Bei der Abwägung der Interessen kommt das Arbeitsgericht Berlin zu dem Ergebnis, dass der vereinzelte Missbrauch von Zeiterfassungssystemen durch Falscheintragungen oder das „Mitstempeln“ durch Kollegen den massiven Eingriff in die Rechte des Betroffenen nicht rechtfertigen könne. Insbesondere würde sich doch die Mehrheit der Arbeitnehmer rechtstreu verhalten und das Unternehmen hätte auch keine Missbrauchsfälle in erheblichem Umfang vorgetragen, die eine Verwendung des Fingerabdruck-Systems erfordern würden. Daher überwögen im Ergebnis die Interessen des Arbeitnehmers diejenigen des Unternehmens an der Durchführung der Zeiterfassung mittels Fingerprint.

Konsequenzen für die Praxis

Das Urteil des Arbeitsgerichts Berlin zeigt, welche Auswirkungen datenschutzrechtliche Vorgaben haben können. Sollte es bei dieser Entscheidung bleiben, wird das Unternehmen das System vermutlich austauschen müssen. Um Fehlinvestitionen zu vermeiden, sollten Arbeitgeber daher vor Einführung eines (neuen) Zeiterfassungssystems die Rechtslage genau prüfen und vor der Entscheidung für ein bestimmtes System gegebenenfalls anwaltlichen Rat einholen. Hier bestehen erhebliche Unterschiede zwischen den angebotenen Zeiterfassungssystemen – nicht nur in datenschutzrechtlicher Hinsicht. Auch die unternehmerischen Bedürfnisse bei der Zeiterfassung variieren von Unternehmen zu Unternehmen.

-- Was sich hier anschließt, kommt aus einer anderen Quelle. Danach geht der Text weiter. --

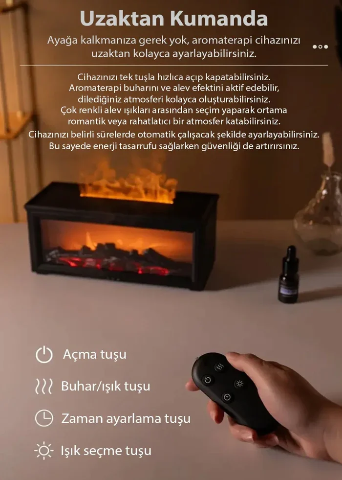 👉 Kısacası: Şömine sıcaklığını, yumuşak ışık efektlerini ve aromaterapi rahatlığını tek bir cihazda toplamak istiyorsanız, bu difüzör en doğru tercih!

Die auch vom Arbeitsgericht Berlin angesprochene Einwilligung des Mitarbeiters würde im Übrigen keine taugliche Grundlage für die Einführung eines solchen Zeiterfassungssystems darstellen, da die Einwilligung im Rahmen des Arbeitsverhältnisses nur in Ausnahmefällen „freiwillig“ im Sinne der Rechtsprechung sein wird und zum anderen jederzeit widerruflich ist.